Gold futures rose the highest in a week as gains in prices of oil dampened concerns that the inflation will be lower, reviving the metal’s demand as a store of wealth.
Aggregate trading almost doubled in comparison to the 100-day average data. Yesterday, trading in gold options indicated that traders were less interested in the further price declines with the losses for the three-most traded puts. Brent crude increased more than 2.8% today.
Bloomberg Businessweek quoted director of metals trading at Vision Financial Markets, David Merger as having said, “The spike in oil prices acted as a catalyst. There was a lot of fund buying.”
December delivery gold futures increase 1.35 to $1,176.10 per ounce on the Comex in New York, on track for the largest gain since November 7. The total volume was estimated at 225,706 contracts.

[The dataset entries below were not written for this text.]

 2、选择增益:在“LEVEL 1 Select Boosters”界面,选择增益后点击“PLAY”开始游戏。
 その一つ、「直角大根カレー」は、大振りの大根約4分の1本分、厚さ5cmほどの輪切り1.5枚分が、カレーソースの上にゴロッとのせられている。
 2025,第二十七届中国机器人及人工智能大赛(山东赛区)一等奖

Above 10,000 December delivery gold contracts were traded at 10.06 am and prices rose around 1.5% within six minutes and erased the previous declines.
According to Market Watch, head of commodity research at Commerzbank, Eugen Weinberg had said in a note earlier in the week that the outflows were being suffered by gold exchange traded products and that was likely to continue as long as the US equities continued to surge.

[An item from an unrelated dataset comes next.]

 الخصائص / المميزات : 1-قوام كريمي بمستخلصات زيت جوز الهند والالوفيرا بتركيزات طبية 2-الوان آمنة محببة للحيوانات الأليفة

He said that institutional investors are forced to invest their capital in assets that have better returns because of performance reasons.
Senior commodity broker at R.J. O’Brien & Associates, Phil Streible said, “A lot of buy stops were triggered at $1,167.40 and that brought in the upward momentum. Today’s run-up was largely technical, and a few investors bought gold after oil prices showed some strength.”
December delivery silver futures gained 1.8% to $15.90 per ounce. The price has dropped as much as 2.4% earlier. The aggregate trading was 73% above the 100-day average.